▸ Problem to work on
None of the pictures should be copied, though every line of the listing must be printed exactly.

▸ Exercise material
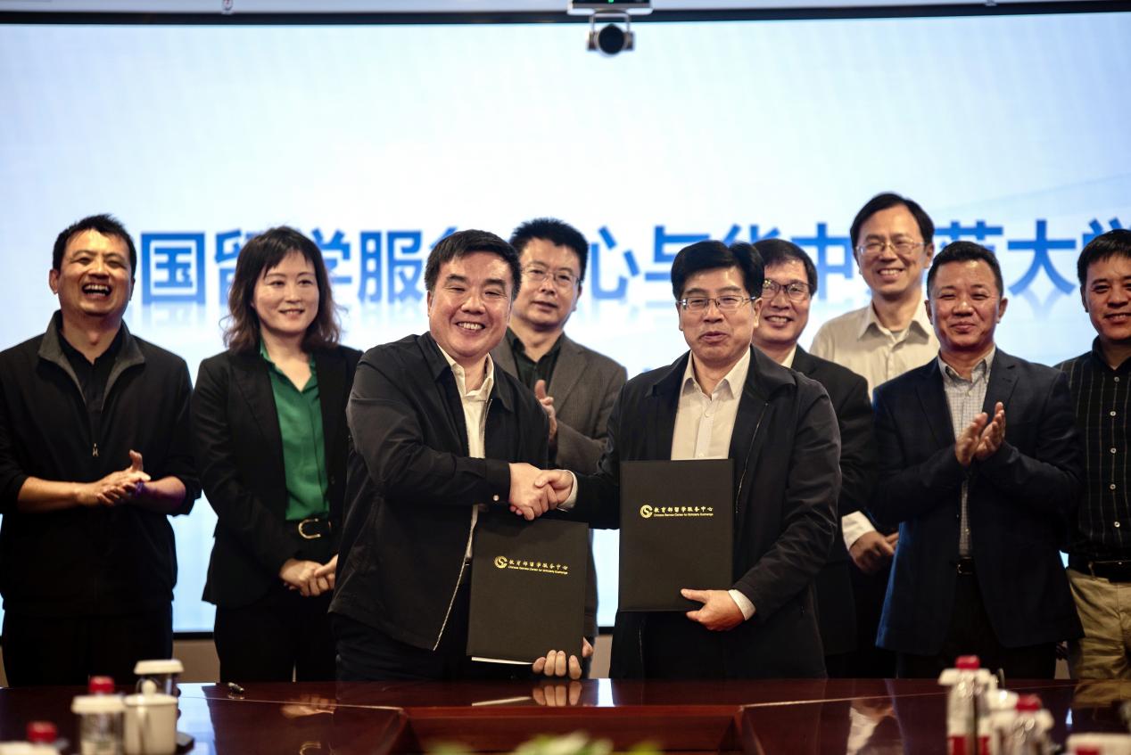 On October 8th, President Peng Shuangjie and Vice President Ren Youzhou led a delegation to visit Chinese Service Center for Scholarly Exchange (CSCSE), where they were received by Wang Daquan, Secretary and Director of CSCSE, and Deputy Director Xia Jianhui. During the meeting,President Peng and Director Wang signed a comprehensive strategic cooperation agreement.
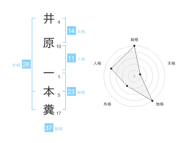 井原 一本糞さんを姓名の画数から五運を鑑定
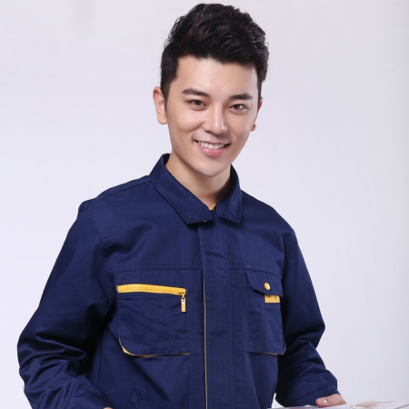 卡其拼藏青涤棉纱卡长袖工衣AC109
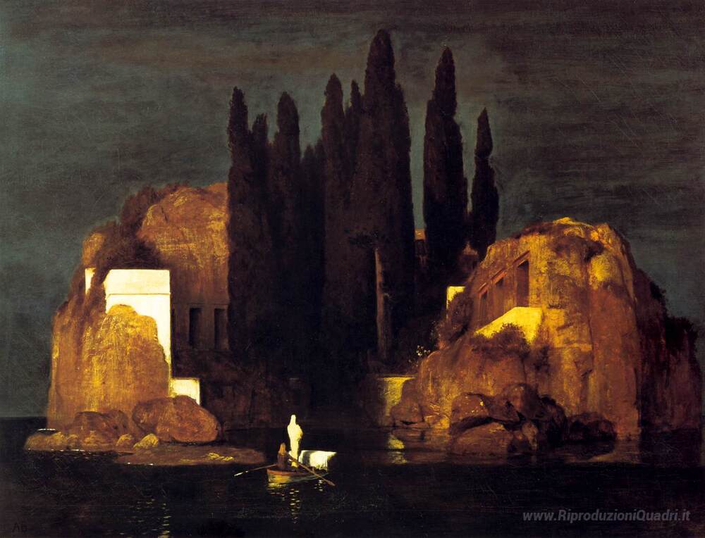 Ti offriamo una riproduzione artigianale su tela dell'opera famosa 'L'Isola dei Morti' di Arnold Böcklin, dal Museo delle Riproduzioni.
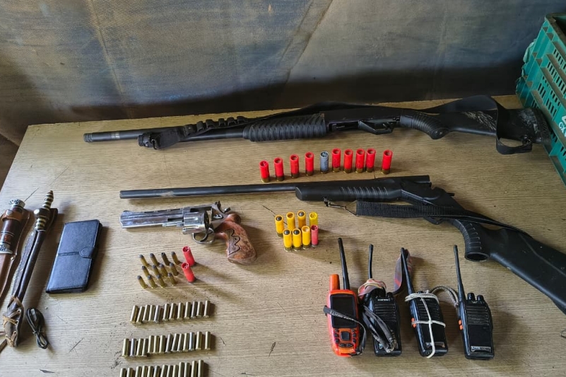 Durante a vistoria, foram localizadas três armas de fogo e diversas munições: um revólver calibre .357, uma espingarda calibre 12, uma espingarda calibre 20 e 32 munições de diversos calibres.
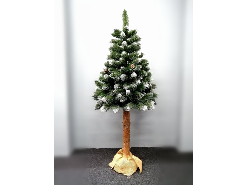 Zelená časť vianočného stromčeka je zasadená na prírodný drevený kmeň pripevnený k stabilnému, drevenému stojanu (tanieri) zabalenému do prírodnej jutovej šatky.
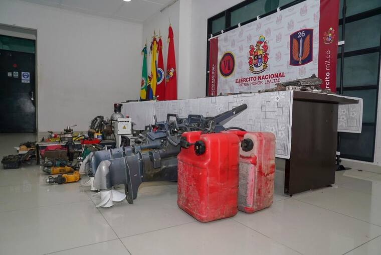 Además, se encontró material de intendencia como uniformes camuflados, equipos de campaña, chalecos, bolsos de asalto, riñoneras, correas, hamacas, cantimploras y otros elementos con insignias alusivas al Clan del Golfo, la mayor banda criminal del país.
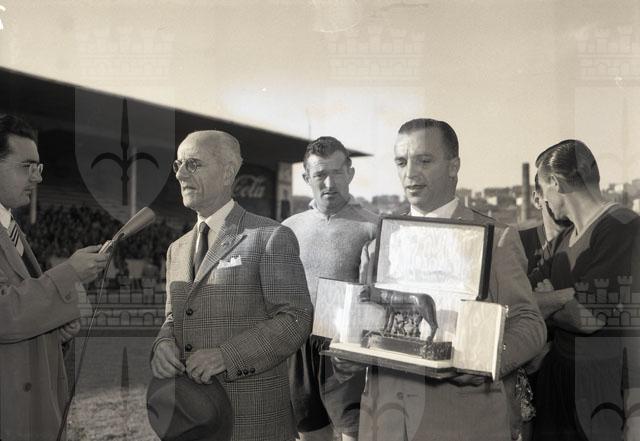 La squadra romana consegna la lupa in bronzo con una targa sulla quale sono espressi i sentimenti degli sportivi romani auspicando il prossimo ricongiungimento di Trieste all'Italia. Testo tratto dal Giornale di Trieste, 1.11.1953

▸ Task response
 On October 8th, President Peng Shuangjie and Vice President Ren Youzhou led a delegation to visit Chinese Service Center for Scholarly Exchange (CSCSE), where they were received by Wang Daquan, Secretary and Director of CSCSE, and Deputy Director Xia Jianhui. During the meeting,President Peng and Director Wang signed a comprehensive strategic cooperation agreement.
 井原 一本糞さんを姓名の画数から五運を鑑定
 卡其拼藏青涤棉纱卡长袖工衣AC109
 Ti offriamo una riproduzione artigianale su tela dell'opera famosa 'L'Isola dei Morti' di Arnold Böcklin, dal Museo delle Riproduzioni.
 Durante a vistoria, foram localizadas três armas de fogo e diversas munições: um revólver calibre .357, uma espingarda calibre 12, uma espingarda calibre 20 e 32 munições de diversos calibres.
 Zelená časť vianočného stromčeka je zasadená na prírodný drevený kmeň pripevnený k stabilnému, drevenému stojanu (tanieri) zabalenému do prírodnej jutovej šatky.
 Además, se encontró material de intendencia como uniformes camuflados, equipos de campaña, chalecos, bolsos de asalto, riñoneras, correas, hamacas, cantimploras y otros elementos con insignias alusivas al Clan del Golfo, la mayor banda criminal del país.
 La squadra romana consegna la lupa in bronzo con una targa sulla quale sono espressi i sentimenti degli sportivi romani auspicando il prossimo ricongiungimento di Trieste all'Italia. Testo tratto dal Giornale di Trieste, 1.11.1953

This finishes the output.